When copying the listing below, skip every picture and repeat exactly the lines from the first one through the line that contains "由于大量使用一次性塑料方便袋".

▸ **PROVIDED DATA**
==============================
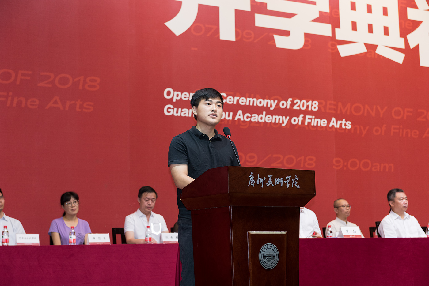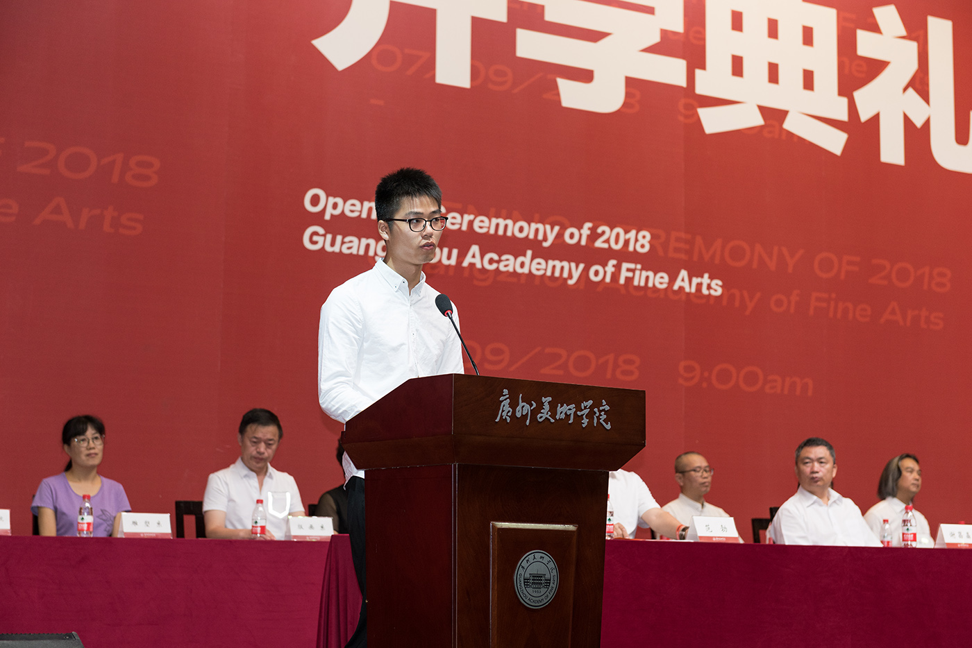 雕塑系2018级周乐代表本科新生发言,感谢师长们的热情关怀,表示将在梦开始的地方努力拼搏,珍惜大学时光,勇往直前,不悔青春。中国画学院2018级罗望超代表研究生新生发言,认为前辈们的薪火相传使广美精神经得起岁月更迭,自己有幸成为新的火种,将深刻领会习近平总书记给中央美术学院老教授的回信精神,用心感受时代,继承广美精神,以大美之艺勇攀艺术高峰。
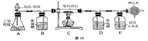由于大量使用一次性塑料方便袋而造成的“白色污染”已成为一个严重的社会问题。某化学研究小组的同学对某种塑料袋的组成进行分析研究(资料显示该塑料只含C、H两种元素)。他们设计了图18所示的实验装置,使该塑料试样在纯氧中完全燃烧,观察实验现象、分析有关数据、推算元素含量。![]()
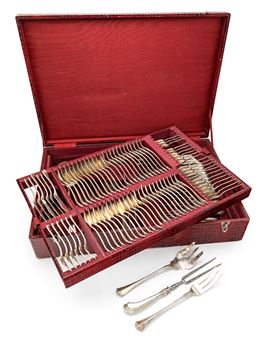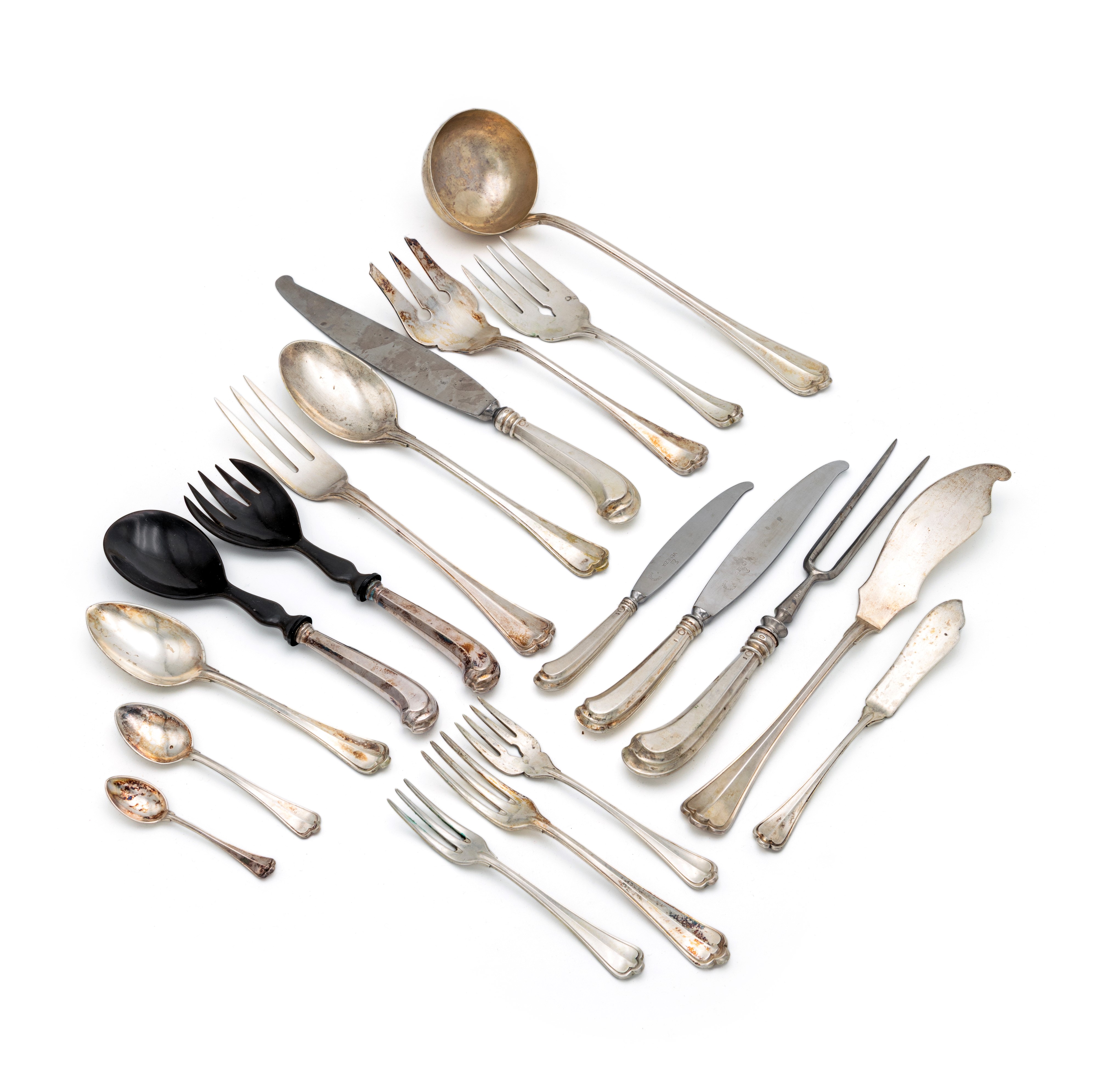 12 cucchiai da minestra (cm 19 - gr. 872); 12 forchette da pasto (cm 18 - gr. 832) ed altrettanti coltelli (cm 24,5); 6 forchette da pesce (cm 15,5 - gr. 242) ed altrettanti coltelli (cm 19 - gr. 272); 12 forchette da frutta (cm 15 - gr. 488) ed altrettanti coltelli (cm 19,7); 12 cucchiaini da caffè (cm 9,7 - gr. 142); 12 da tè (cm 12,7 - gr. 284) e 12 da dessert (cm 15,5 - gr. 588); due palette da dolce (cm 25,5 - gr. 260); due forchette ed un cucchiaio da portata (cm 25,5 e cm 24,8 - peso complessivo gr. 318); due posate da insalata in argento e corno (cm 22); forchettone e coltello da arrosto (cm 29 e 30,5 rispettivamente); forchetta e coltello per servire il pesce (cm 21,5 e cm 25,5 rispettivamente - gr. 240) ed un secondo set da portata per pesce di misura maggiore (cm 25 e cm 29,5 - gr. 248); un mestolo (cm 31,5 - gr. 244)
==============================
▸ **WRITTEN RESPONSE**
 雕塑系2018级周乐代表本科新生发言,感谢师长们的热情关怀,表示将在梦开始的地方努力拼搏,珍惜大学时光,勇往直前,不悔青春。中国画学院2018级罗望超代表研究生新生发言,认为前辈们的薪火相传使广美精神经得起岁月更迭,自己有幸成为新的火种,将深刻领会习近平总书记给中央美术学院老教授的回信精神,用心感受时代,继承广美精神,以大美之艺勇攀艺术高峰。
由于大量使用一次性塑料方便袋而造成的“白色污染”已成为一个严重的社会问题。某化学研究小组的同学对某种塑料袋的组成进行分析研究(资料显示该塑料只含C、H两种元素)。他们设计了图18所示的实验装置,使该塑料试样在纯氧中完全燃烧,观察实验现象、分析有关数据、推算元素含量。![]()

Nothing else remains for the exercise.